Materials and Methods: We have selected the human colorectal adenocarcinoma cell line SW480 to study PKD1 mediated effects on β-catenin. PKD1, PKD2 and PKD3 and β-catenin localization was determined by confocal Laser Scanning Microscopy using specific antibodies. The effect of PKD on β-catenin /T cell factor (TCF) transcription activity was measured by luciferase reporter assays. SW480 cells were plated in 96 well plate 16h prior to transient transfection with PKD constructs and the reporter constructsTopflash or Fopflash and pRL-TK (Renilla luciferase; Promega, Madison, WI). Luciferase activities were assayed using the Dual Glo (dual reporter assay, Promega, Madison, WI). Nuclear and membrane targeted PKD1 constructs were made by PCR and cloning. Nuclear and cytoplasmic extracts of SW480-GFP and SW480-GFP-PKD1 cells were prepared using a commercial Nuclear Extract Kit™ (Active Motif, Carlsbad, CA). Expression of β-catenin and PKD1 was studied using a paraffinized human colon cancer tissue micro-array slide.

Results: PKD1 and PKD2 were present at very low levels whereas PKD3 was strongly expressed and localized to nucleus, cytoplasm and cell membranes of SW480 cells. The luciferase assay results showed that PKD1and PKD2 expression leads to reduction in β-catenin /TCF transcriptional activation. There was no significant effect of PKD3 on β-catenin transcription activity. To verify the possible role of PKD1 in modulating β-catenin nuclear expression, we analyzed β-catenin expression in nuclear extracts from GFP-PKD1 and GFP vector expressing SW480 cells. Over expression of PKD1 resulted in decreased nuclear expression of β-catenin in SW480-GFP-PKD1 as compared to parental and vector transfected SW480 cells. Our immunohistochemical study shows down regulation of PKD1 staining in 66 samples that are moderately and poorly differentiated and had a higher Dukes stage (II, III and IV) as compared to non-neoplastic colon samples.

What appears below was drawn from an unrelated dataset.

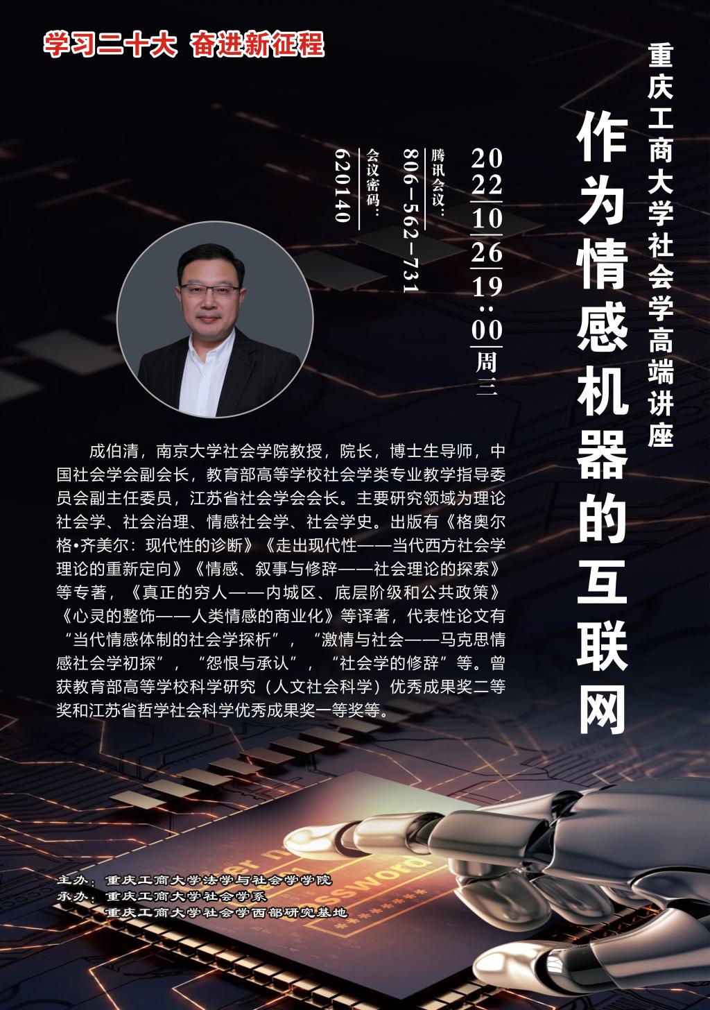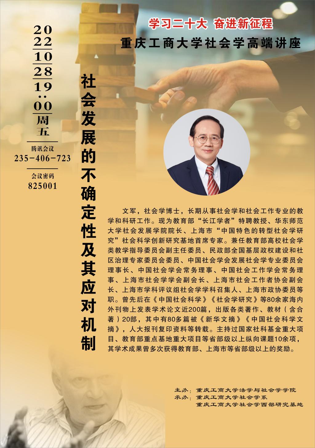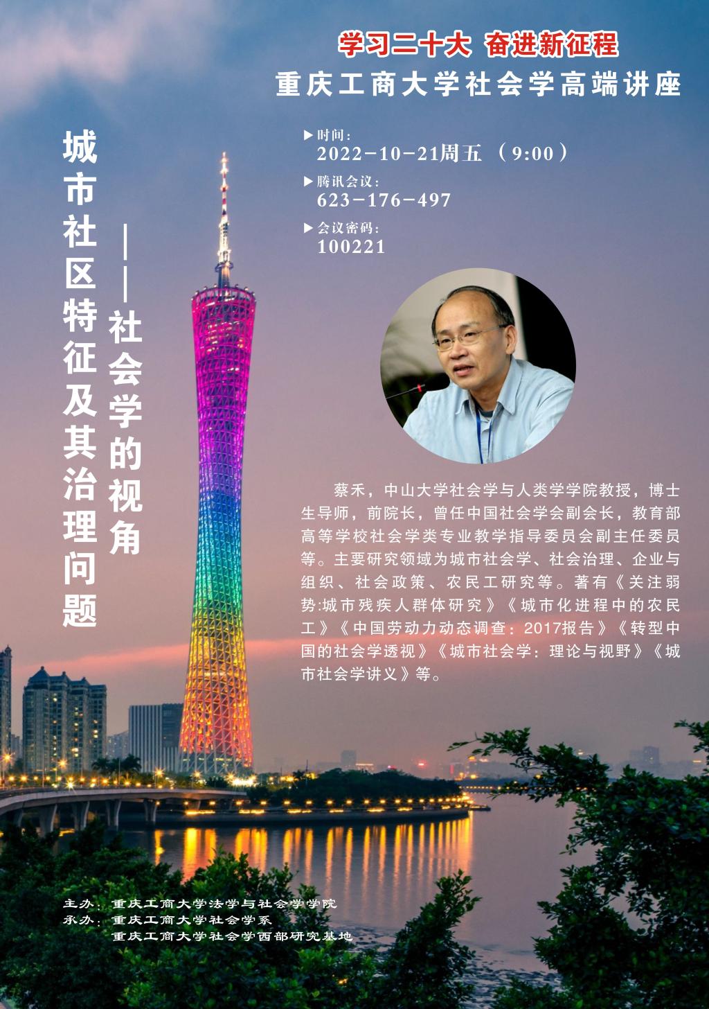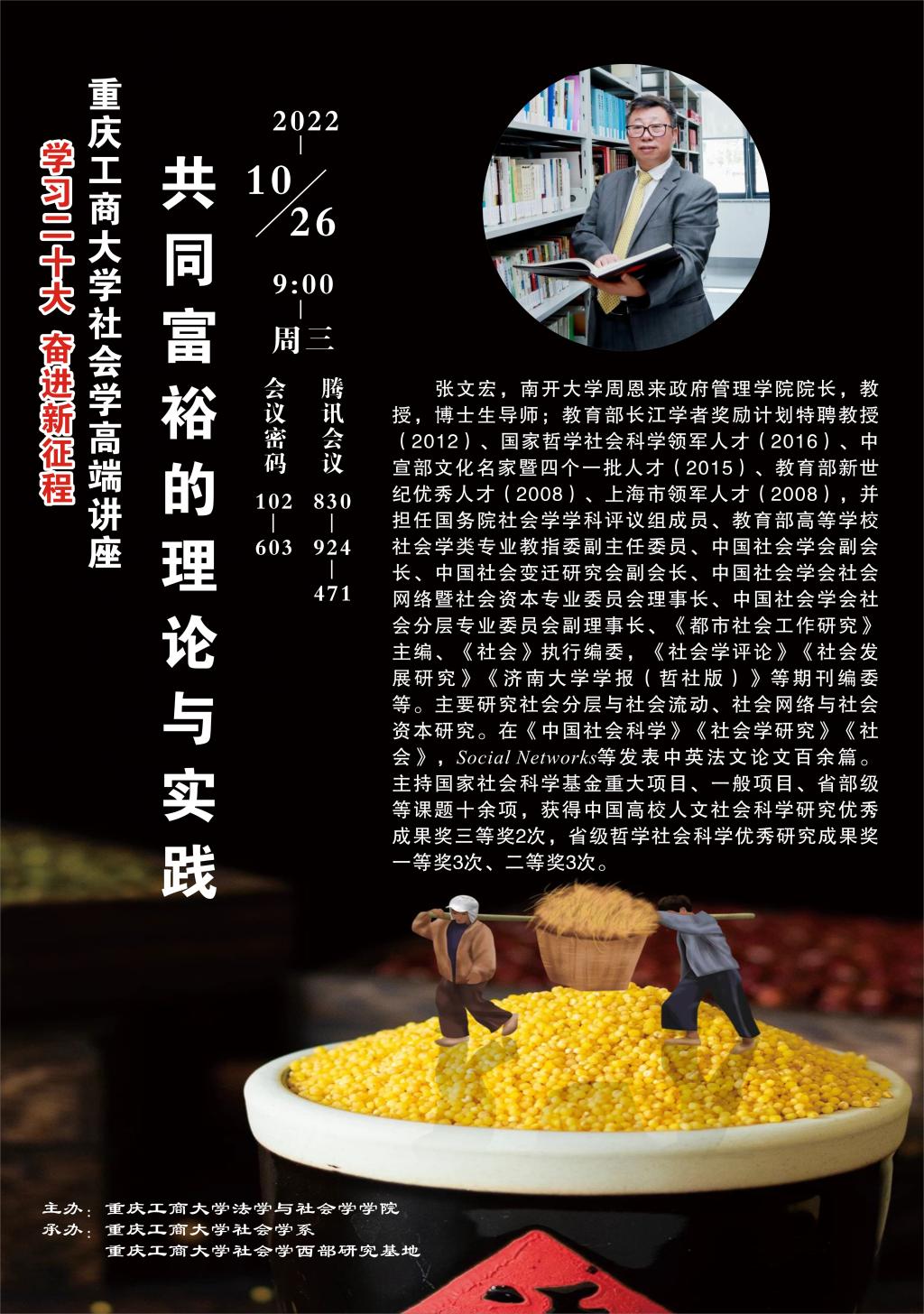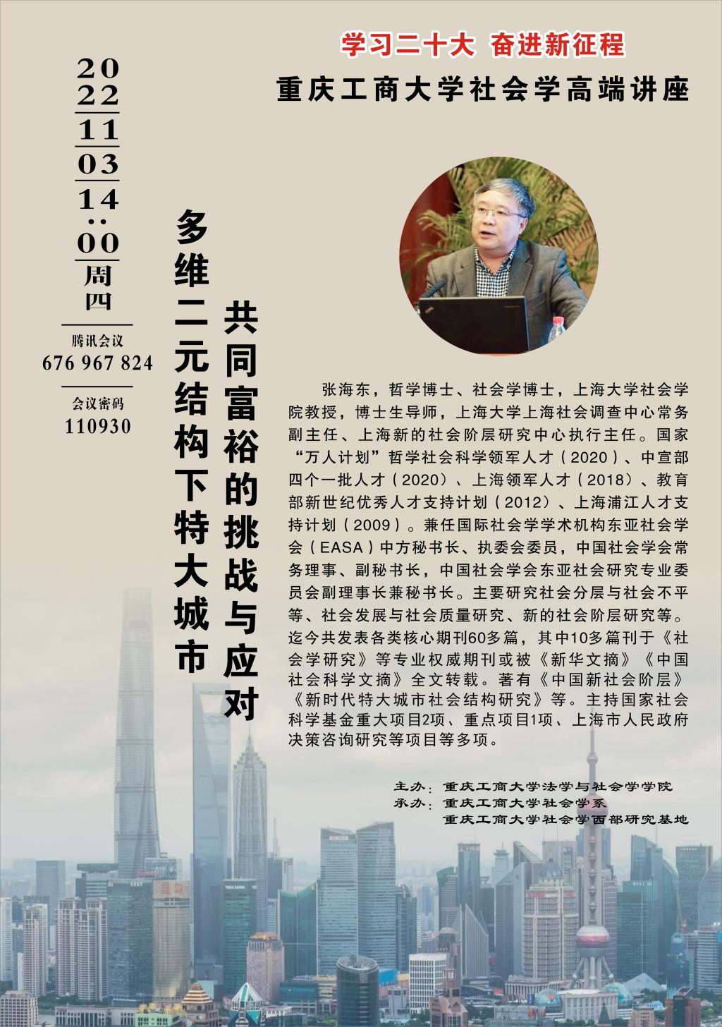 学习二十大,奋进新征程。 为推动万象城娱乐awc线路社会学重庆市“十四五”重点学科及一流专业建设,万象城娱乐awc线路社会学系、万象城娱乐awc线路社会学西部研究基地特举办社会学系列论坛。论坛为期一个月(2022.10.20-11.20),共计10场。论坛负责人:罗兆均(邮箱:545319529@qq.com)。具体安排如下:

Conclusion: The expression of PKD1 and PKD2 in SW480 colon cancer cells lead to down regulation of β-catenin transcription activity. PKD1 down regulation in colon cancer and its correlation with β-catenin nuclear staining in advanced cancer suggests that PKD1 mediated β-catenin signaling may play a role in carcinogenesis and cancer progression.